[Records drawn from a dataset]
'''

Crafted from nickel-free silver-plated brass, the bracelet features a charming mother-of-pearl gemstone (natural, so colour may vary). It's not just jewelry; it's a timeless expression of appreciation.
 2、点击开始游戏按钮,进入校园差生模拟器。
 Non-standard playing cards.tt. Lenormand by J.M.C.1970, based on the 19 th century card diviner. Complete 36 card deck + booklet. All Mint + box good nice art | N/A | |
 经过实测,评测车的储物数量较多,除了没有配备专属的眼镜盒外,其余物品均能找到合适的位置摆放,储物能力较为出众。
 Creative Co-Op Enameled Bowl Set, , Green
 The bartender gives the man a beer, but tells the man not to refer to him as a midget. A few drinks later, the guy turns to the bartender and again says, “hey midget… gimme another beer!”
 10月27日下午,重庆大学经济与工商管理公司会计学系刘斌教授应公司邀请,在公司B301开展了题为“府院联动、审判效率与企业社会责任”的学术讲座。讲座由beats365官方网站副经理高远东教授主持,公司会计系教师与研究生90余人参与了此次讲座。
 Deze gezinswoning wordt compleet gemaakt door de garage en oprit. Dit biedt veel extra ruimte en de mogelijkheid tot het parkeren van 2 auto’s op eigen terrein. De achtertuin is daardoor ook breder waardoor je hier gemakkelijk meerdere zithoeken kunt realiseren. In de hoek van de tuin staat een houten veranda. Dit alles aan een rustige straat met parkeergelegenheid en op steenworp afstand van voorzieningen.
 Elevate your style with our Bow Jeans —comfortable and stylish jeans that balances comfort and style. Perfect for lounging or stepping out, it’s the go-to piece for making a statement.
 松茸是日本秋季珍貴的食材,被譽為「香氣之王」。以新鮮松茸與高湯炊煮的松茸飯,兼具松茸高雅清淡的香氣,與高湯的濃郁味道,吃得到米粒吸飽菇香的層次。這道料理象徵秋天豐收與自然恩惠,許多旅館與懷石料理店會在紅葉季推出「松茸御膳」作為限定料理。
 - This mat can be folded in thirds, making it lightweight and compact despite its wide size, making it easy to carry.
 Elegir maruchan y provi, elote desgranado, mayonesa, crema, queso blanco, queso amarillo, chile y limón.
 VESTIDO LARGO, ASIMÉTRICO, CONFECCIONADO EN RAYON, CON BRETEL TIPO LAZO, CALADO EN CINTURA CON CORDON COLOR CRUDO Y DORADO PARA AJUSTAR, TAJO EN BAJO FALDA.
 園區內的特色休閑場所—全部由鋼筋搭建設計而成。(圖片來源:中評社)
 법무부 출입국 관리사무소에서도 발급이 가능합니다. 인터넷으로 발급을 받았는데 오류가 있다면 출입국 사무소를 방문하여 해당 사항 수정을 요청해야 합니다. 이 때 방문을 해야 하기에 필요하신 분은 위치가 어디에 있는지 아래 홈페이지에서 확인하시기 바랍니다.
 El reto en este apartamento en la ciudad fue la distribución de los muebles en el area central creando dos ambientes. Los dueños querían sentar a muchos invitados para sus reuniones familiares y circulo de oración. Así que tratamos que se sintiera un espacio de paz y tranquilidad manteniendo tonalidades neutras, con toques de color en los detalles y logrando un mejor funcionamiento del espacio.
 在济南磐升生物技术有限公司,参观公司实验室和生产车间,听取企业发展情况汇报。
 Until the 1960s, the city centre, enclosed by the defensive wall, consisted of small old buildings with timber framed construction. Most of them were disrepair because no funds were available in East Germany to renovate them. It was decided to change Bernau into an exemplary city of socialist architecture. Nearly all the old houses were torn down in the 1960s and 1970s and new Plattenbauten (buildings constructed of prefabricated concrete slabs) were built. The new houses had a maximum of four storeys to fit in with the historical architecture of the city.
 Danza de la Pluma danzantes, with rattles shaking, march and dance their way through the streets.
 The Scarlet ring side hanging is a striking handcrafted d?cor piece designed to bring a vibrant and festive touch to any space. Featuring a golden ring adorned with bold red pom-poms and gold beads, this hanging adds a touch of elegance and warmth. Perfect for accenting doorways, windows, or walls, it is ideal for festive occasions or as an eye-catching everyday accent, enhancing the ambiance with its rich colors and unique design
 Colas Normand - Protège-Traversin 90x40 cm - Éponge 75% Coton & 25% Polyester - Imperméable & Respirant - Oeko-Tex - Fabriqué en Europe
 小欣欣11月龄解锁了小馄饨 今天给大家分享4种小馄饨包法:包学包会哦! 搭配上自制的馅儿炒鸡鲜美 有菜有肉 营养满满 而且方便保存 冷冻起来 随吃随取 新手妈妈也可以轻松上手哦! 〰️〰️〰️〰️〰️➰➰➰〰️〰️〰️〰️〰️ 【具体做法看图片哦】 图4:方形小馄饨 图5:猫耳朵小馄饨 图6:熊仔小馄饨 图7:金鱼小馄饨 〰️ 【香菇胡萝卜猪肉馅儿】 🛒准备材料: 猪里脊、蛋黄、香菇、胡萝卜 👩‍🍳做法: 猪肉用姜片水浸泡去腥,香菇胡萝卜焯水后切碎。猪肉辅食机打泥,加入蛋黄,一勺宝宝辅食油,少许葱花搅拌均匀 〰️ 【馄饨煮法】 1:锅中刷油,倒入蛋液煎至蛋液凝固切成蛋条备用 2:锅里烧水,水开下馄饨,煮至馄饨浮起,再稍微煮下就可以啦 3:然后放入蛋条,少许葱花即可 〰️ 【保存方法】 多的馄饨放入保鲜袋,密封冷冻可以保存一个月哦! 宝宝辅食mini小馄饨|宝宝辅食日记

'''

[Exercise details]: Word for word, restate the lines of the data above that fall between the line holding "在济南磐升生物技术有限公司,参观公司实验室和生产车间,听取企业发展情况汇报。" and the line holding "Danza de la", inclusive, and no other lines.

[Your response]:
 在济南磐升生物技术有限公司,参观公司实验室和生产车间,听取企业发展情况汇报。
 Until the 1960s, the city centre, enclosed by the defensive wall, consisted of small old buildings with timber framed construction. Most of them were disrepair because no funds were available in East Germany to renovate them. It was decided to change Bernau into an exemplary city of socialist architecture. Nearly all the old houses were torn down in the 1960s and 1970s and new Plattenbauten (buildings constructed of prefabricated concrete slabs) were built. The new houses had a maximum of four storeys to fit in with the historical architecture of the city.
 Danza de la Pluma danzantes, with rattles shaking, march and dance their way through the streets.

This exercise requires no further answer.